**WHAT YOU ARE ASKED TO DO**
Your task is to repeat the lines below exactly, excluding any pictures they contain.

(Records contained in a dataset)
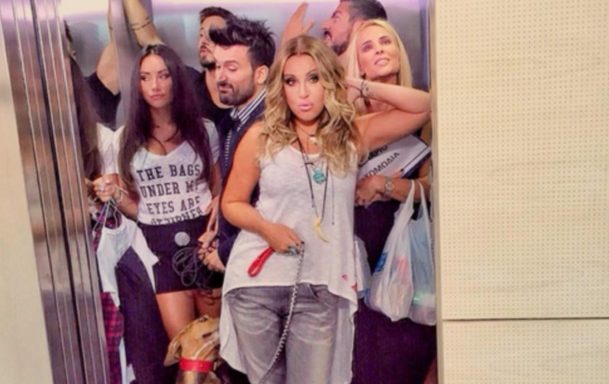 Με γνώμονα το χιούμορ η παρουσιάστρια μπήκε στο ασανσέρ με τους συνεργάτες της έχοντας συντροφιά της το σκύλο της τον Γκούφι.
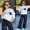 KIZ ÇOCUK KAZ AYAĞI PANTOLONLU OMUZ MODELLİ İKİLİ TAKIM - Image 1
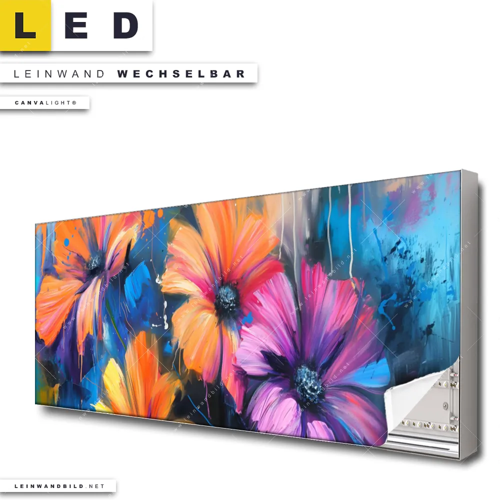 Du bist auf der Suche nach einem Blumen - Botanik LED Leinwandbild im Panorama-Format? Begriffe wie Blumen, Pflanze, Natur, Blüten, Blumenwiese haben Dich auf der Suche nach Deinem neuen XXL LED Wandbild mit wechselbarer Leinwand inspiriert? Farben wie Blau, Orange, Lila, Pink dürfen auf Deinem neuen extra breiten Leinwand-LED-Bild nicht fehlen und Leuchtbilder im Abstrakt, Floral, Modern Art Stil passen perfekt zu Deinem Einrichtungsstil?
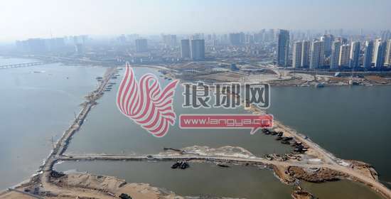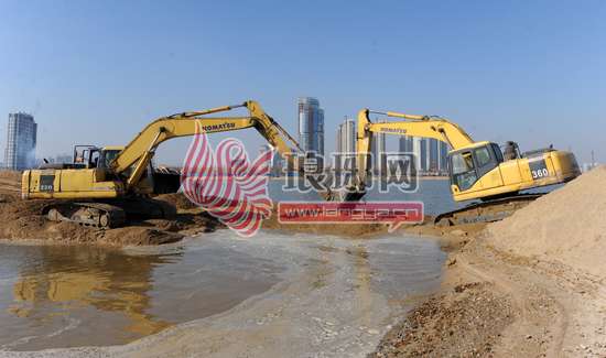 4日我市气温跌至入冬以来的最低点,三河口隧道施工现场已建起的围堰边缘结起了厚厚冰层,工人们则穿着棉衣在寒风中紧张地施工。在东西两侧的围堰上,挖掘机和推土机正在最后的缺口处将沙土送入湍急的水流中,10点整,东侧的围堰实现合龙,10点40分,西侧围堰宣告合龙,现场传来庆祝的鞭炮声。远远望去,长度达到2.6公里的围堰,在三河交汇处的水面上围起了巨大的区域,区域内的水面上各种施工船只正在作业,蔚为壮观。
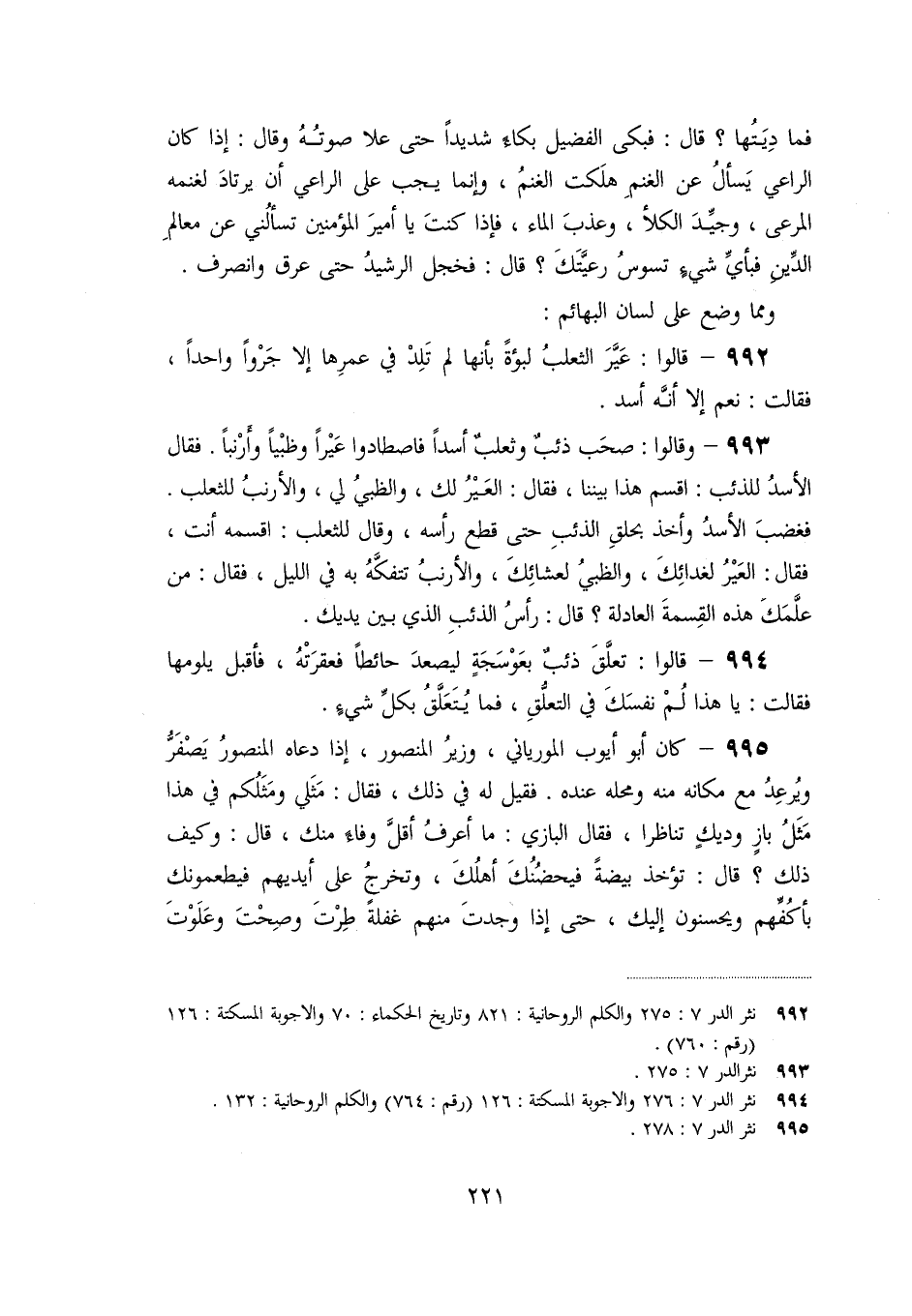 «993» - وقالوا: صحب ذئب وثعلب أسدا فاصطادوا عيرا وظبيا وأرنبا. فقال الأسد للذئب: اقسم هذا بيننا، فقال: العير لك، والظبي لي، والأرنب للثعلب.

**RESPONSE TO THE TASK**
 Με γνώμονα το χιούμορ η παρουσιάστρια μπήκε στο ασανσέρ με τους συνεργάτες της έχοντας συντροφιά της το σκύλο της τον Γκούφι.
 KIZ ÇOCUK KAZ AYAĞI PANTOLONLU OMUZ MODELLİ İKİLİ TAKIM - Image 1
 Du bist auf der Suche nach einem Blumen - Botanik LED Leinwandbild im Panorama-Format? Begriffe wie Blumen, Pflanze, Natur, Blüten, Blumenwiese haben Dich auf der Suche nach Deinem neuen XXL LED Wandbild mit wechselbarer Leinwand inspiriert? Farben wie Blau, Orange, Lila, Pink dürfen auf Deinem neuen extra breiten Leinwand-LED-Bild nicht fehlen und Leuchtbilder im Abstrakt, Floral, Modern Art Stil passen perfekt zu Deinem Einrichtungsstil?
 4日我市气温跌至入冬以来的最低点,三河口隧道施工现场已建起的围堰边缘结起了厚厚冰层,工人们则穿着棉衣在寒风中紧张地施工。在东西两侧的围堰上,挖掘机和推土机正在最后的缺口处将沙土送入湍急的水流中,10点整,东侧的围堰实现合龙,10点40分,西侧围堰宣告合龙,现场传来庆祝的鞭炮声。远远望去,长度达到2.6公里的围堰,在三河交汇处的水面上围起了巨大的区域,区域内的水面上各种施工船只正在作业,蔚为壮观。
 «993» - وقالوا: صحب ذئب وثعلب أسدا فاصطادوا عيرا وظبيا وأرنبا. فقال الأسد للذئب: اقسم هذا بيننا، فقال: العير لك، والظبي لي، والأرنب للثعلب.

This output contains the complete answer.